**THE DATA:**
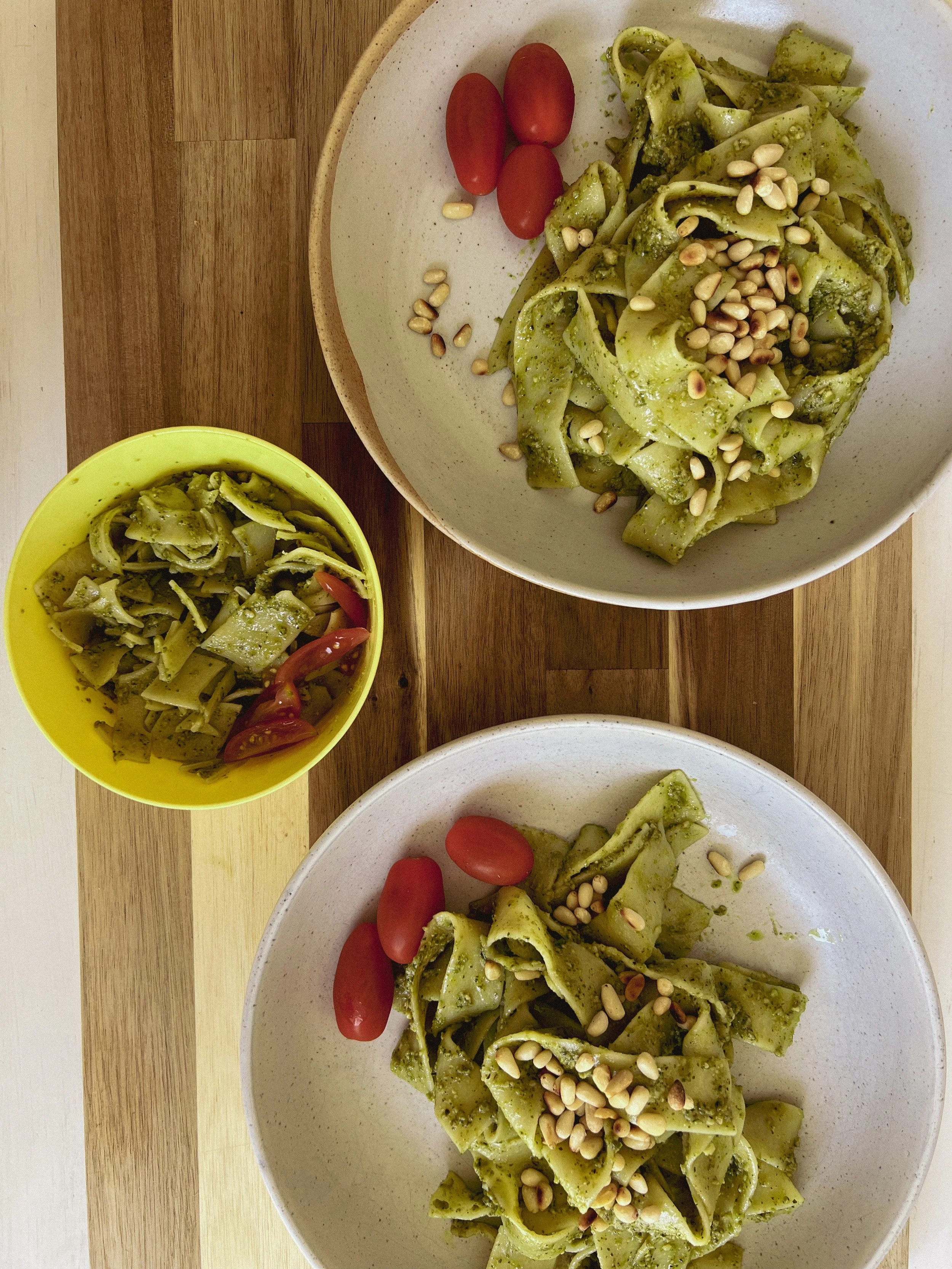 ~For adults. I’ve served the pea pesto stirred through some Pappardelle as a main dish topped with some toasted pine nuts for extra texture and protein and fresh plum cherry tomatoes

...

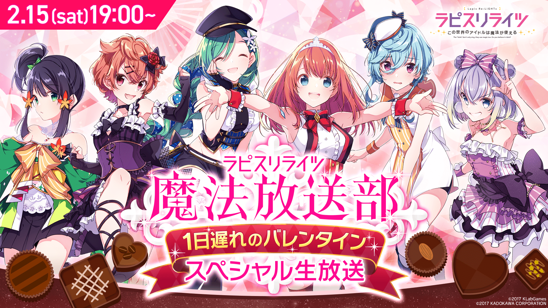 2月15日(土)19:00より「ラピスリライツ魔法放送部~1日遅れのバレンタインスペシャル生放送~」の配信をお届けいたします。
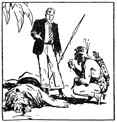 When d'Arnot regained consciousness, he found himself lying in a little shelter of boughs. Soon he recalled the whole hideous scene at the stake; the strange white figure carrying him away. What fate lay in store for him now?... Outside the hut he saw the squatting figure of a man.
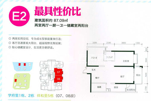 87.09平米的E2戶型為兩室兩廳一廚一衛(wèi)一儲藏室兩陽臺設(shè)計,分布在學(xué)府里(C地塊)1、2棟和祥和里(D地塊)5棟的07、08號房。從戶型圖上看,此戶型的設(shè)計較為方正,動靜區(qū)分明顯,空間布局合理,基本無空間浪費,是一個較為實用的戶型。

...

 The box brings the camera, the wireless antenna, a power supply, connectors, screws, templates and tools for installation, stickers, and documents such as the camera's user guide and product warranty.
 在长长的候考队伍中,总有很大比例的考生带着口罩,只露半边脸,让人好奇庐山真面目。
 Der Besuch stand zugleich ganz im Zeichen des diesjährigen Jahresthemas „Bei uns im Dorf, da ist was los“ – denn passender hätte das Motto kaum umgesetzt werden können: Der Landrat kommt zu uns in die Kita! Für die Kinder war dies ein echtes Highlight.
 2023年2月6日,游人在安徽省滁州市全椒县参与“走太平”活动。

**WHAT TO WORK ON:** From the material above, reproduce only what runs from the line holding "2月15日(土)19:00よ" down to the line holding "87.09平米的E2戶型為兩", both included, pictures excluded.

**WRITTEN ANSWER:**
 2月15日(土)19:00より「ラピスリライツ魔法放送部~1日遅れのバレンタインスペシャル生放送~」の配信をお届けいたします。
 When d'Arnot regained consciousness, he found himself lying in a little shelter of boughs. Soon he recalled the whole hideous scene at the stake; the strange white figure carrying him away. What fate lay in store for him now?... Outside the hut he saw the squatting figure of a man.
 87.09平米的E2戶型為兩室兩廳一廚一衛(wèi)一儲藏室兩陽臺設(shè)計,分布在學(xué)府里(C地塊)1、2棟和祥和里(D地塊)5棟的07、08號房。從戶型圖上看,此戶型的設(shè)計較為方正,動靜區(qū)分明顯,空間布局合理,基本無空間浪費,是一個較為實用的戶型。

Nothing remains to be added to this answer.